Tout comme pour la file active, ces chiffres témoignent de la faiblesse globale de l’accompagnement dispensé même s’ils ne constituent que des ordres de grandeur. Ils ne reflètent toutefois qu’imparfaitement la réalité des pratiques. En effet, les professionnels adaptent l’intensité de l’accompagnement en fonction des profils d’allocataires. Les plus fragiles, ou bien ceux dont ils estiment qu’ils le plus besoin de leur soutien font l’objet d’une attention plus soutenue, et peuvent être appelés toutes les deux semaines voire toutes les semaines, et être reçus fréquemment. À l’inverse, les personnes en attente de réorientation, ou bien celle qui sont engagées dans un projet plus abouti, ne bénéficient pas de la même assiduité. Cette différenciation des parcours n’est malheureusement pas documentée, faute d’indicateur de suivi suffisamment riche pour en rendre compte.

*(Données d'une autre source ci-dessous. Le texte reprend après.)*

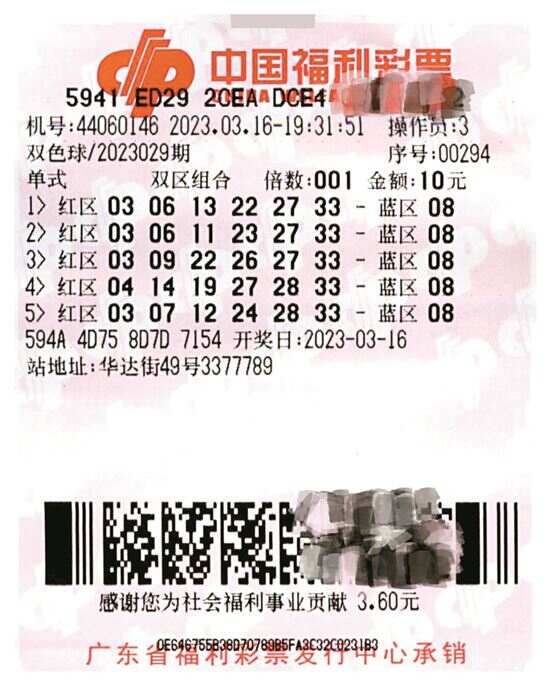 第23029期双色球开奖当晚7时许,小伙子路过44060146福彩投注站。在参考了开奖号码走势图和店家推荐号码后,他很快选定了5组号码进行投注,特别有意思的是,蓝球是刚好看到刮刮乐柜台上“炫8”彩票,就全部选了“8”。

En outre, une proportion très significative des personnes orientées vers un service social départemental sont en attente d’autres droits (droits à pension, AAH) et ne bénéficient dans l’intervalle que d’un accompagnement virtuel. Cette proportion peut aller de 30 % à 70 % des personnes orientées selon les estimations des départements, ce qui dégage potentiellement du temps pour d’autres allocataires.

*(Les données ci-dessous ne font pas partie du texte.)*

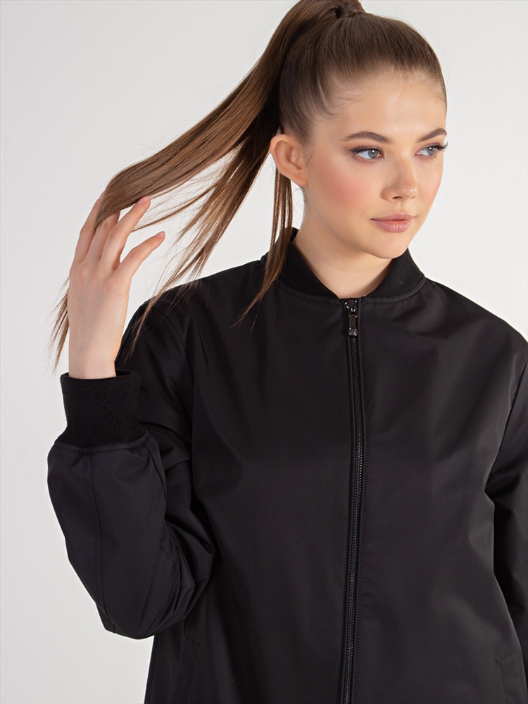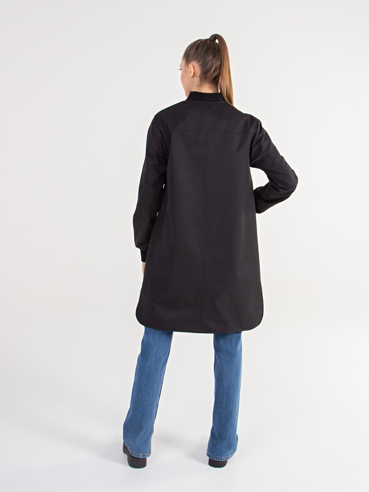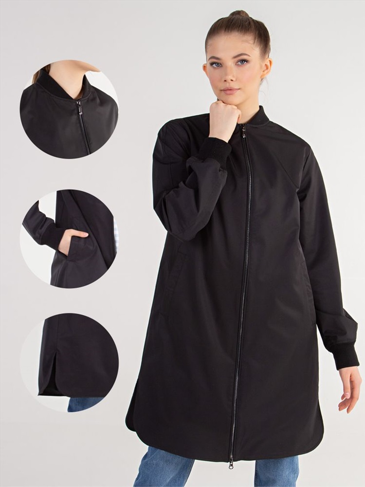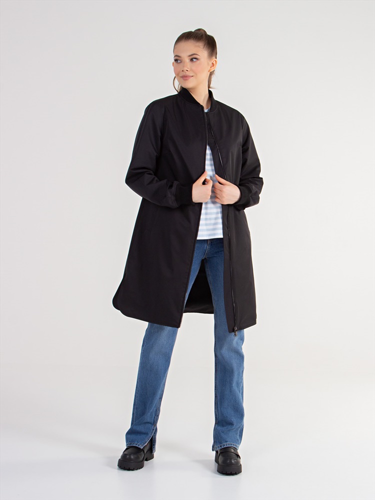Длина: 90 см Трикотажный воротник- стойка,  вязанные манжеты и металлический центральный замок - все элементы «бомбера» воплотили в легком весеннем плаще . Боковые разрезы по бокам закруглённые, удобные прорезные карманы. Ткань с легкой  водоотталкивающей пропиткой.На модели надет 42 размер,рост модели 172 см.

Cette faiblesse de l’accompagnement apparaît en décalage avec le constat du nombre important de bénéficiaires qui sont dans le dispositif depuis de longues années : selon la Drees, fin 2019, 36 % des bénéficiaires du RSA le sont depuis plus de cinq ans, et 15% depuis plus de dix ans. Pour

ces personnes très éloignées de l’emploi et peu suivies par les services sociaux (ou alors pour des motifs sans rapport avec l’objectif légal d’un parcours de réinsertion vers l’emploi), souvent marginalisées, la pertinence même du cadre défini autour de l’allocation RSA, et la notion de droits et devoir en particulier, n’est pas assurée.